Lei n.º 62/2007, art. 75.º n.º 4 b) - Constituem infracção disciplinar dos estudantes: A prática de actos de violência ou coacção física ou psicológica sobre outros estudantes, designadamente no quadro das «praxes académicas».

Anti-Praxe

Lei n.º 62/2007, art. 75.º n.º 4 b) - Constituem infracção disciplinar dos estudantes: A prática de actos de violência ou coacção física ou psicológica sobre outros estudantes, designadamente no quadro das «praxes académicas».

Humilhar é possível!

20.10.08

 Pode haver liberdade para humilhar?

 20.10.2008, Rui Moreira

  

Apeteceu-me interromper a cerimónia, chamar-lhes pinguins viúvos e urubus e incentivar os caloiros a vingarem-se...

 

Há dias, à porta do Instituto Português de Oncologia, deparei com uma grande algazarra, que desrespeitava a proximidade do hospital. Tratava-se de uma daquelas miseráveis cerimónias iniciáticas a que se convencionou chamar de praxe. No caso, um grupo de jovens, envergando t-shirts com dizeres aberrantes, autoflagelava-se dando saltos idiotas e gritando palavras de ordem humilhantes, amestrados por um grupo de "gauleiterzinhas" com ar pedante. Ao vê-las, desengraçadas, disformes e desfeadas pelo negro das capas e pelas meias de vidro, lembrei-me de Jô Soares, apeteceu-me interromper a cerimónia, chamar-lhes pinguins viúvos e urubus de galocha e incentivar os caloiros a vingarem-se...
Esta irritação parecerá excessiva mas percebi, pelo que ouvi à minha volta, que não era o único a quem aquele espectáculo degradante incomodava. Aliás, incomoda também o ministro, que recentemente fez comentários oportunos e severos sobre o tema, advertindo que não toleraria mais excessos. Infelizmente, disse-o em vão, porque a hierarquia das instituições de ensino superior é cúmplice das associações de estudantes e incapaz de pôr cobro a esta prática. Veja-se o caso do infame Instituto Piaget, em que os abusos e excessos das praxes foram conhecidos através da denúncia de uma ex-aluna, onde a direcção começou por aprovar uma directriz que proibia as praxes durante a recepção aos caloiros mas logo a seguir recuou, submetendo-se a uma auto-intitulada Comissão de Tradições Académicas que, imagine-se, ameaçara com uma manifestação...
Detesto falsas tradições. Não gosto sequer das tunas, porque, com raras excepções, não têm piada nos seus exibicionismos e nas suas zarzuelas néscias que nos impingem em cerimónias públicas e eventos sociais.
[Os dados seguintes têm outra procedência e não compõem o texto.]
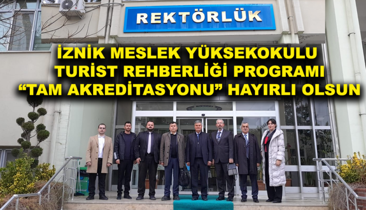 Turizm Akreditasyon Derneği Yönetim Kurulu Başkanı Prof. Dr. Muharrem TUNA’nın imzasıyla gönderilen 03.01.2025 tarihli ve 2025/015 sayılı Akreditasyon Kararı ve Raporu değerlendirme yazısı sonucunda Turizm Eğitimi Değerlendirme ve Akreditasyon Kurulu (TURAK) tarafından Yüksekokulumuz Turist Rehberliği Programı için 31.12.2024-31.12.2030 tarihleri arasında üç + üç (3 +3) yıl toplam altı (6) yıl için geçerli olmak üzere TAM AKREDİTASYON kararı verilmiştir. TURAK’ın 27.12.2024 tarih ve 11 sayılı toplantısında oybirliği ile alınan bu karar, turizm yükseköğretiminde kalitenin geliştirilmesi ve iyileştirilmesine ve İznik İlçesinin turizm potansiyeline önemli katkılar sağlayacaktır.

No caso da capa e batina, não se trata apenas de uma questão de estética, porque qualquer pessoa tem o direito de se mascarar como entende: o que me aflige e assusta é que muitos dos que as envergam não percebam, sequer, as origens obscurantistas do traje e que este constitua hoje um uniforme obrigatório em práticas violentas e humilhantes.
As praxes são, por tudo isto, uma prática a banir. Não proponho, naturalmente, que sejam proibidas, porque o país já não aguenta proibições que depois não são acatadas e porque isso só contribuiria para as incentivar na clandestinidade. Mas é indispensável que os caloiros saibam que elas não são obrigatórias e que sejam apoiados no sentido de se sentirem protegidos e de poderem denunciar, se for o caso, quem cometer algum abuso.
A integração dos recém-chegados à universidade não é compatível com a humilhação e a violência, nem se pode perpetuar o princípio da hierarquização da barbárie por antiguidade. Recordo-me da forma como fui recebido, em Inglaterra, quando lá cheguei para estudar. Lembro-me do apoio da Student's Union, dos Serviços Sociais da Universidade e dos tutores. Gostava que em Portugal, onde imitamos tanta coisa má que nos chega do estrangeiro, também conseguíssemos, de quando em vez, replicar o que é bom. Principalmente, tudo aquilo que tem a ver com as liberdades. Economista 
http://jornal.publico.clix.pt/

 

Cartoon de Henrique Monteiro

Publicado no Blog do M.A.T.A.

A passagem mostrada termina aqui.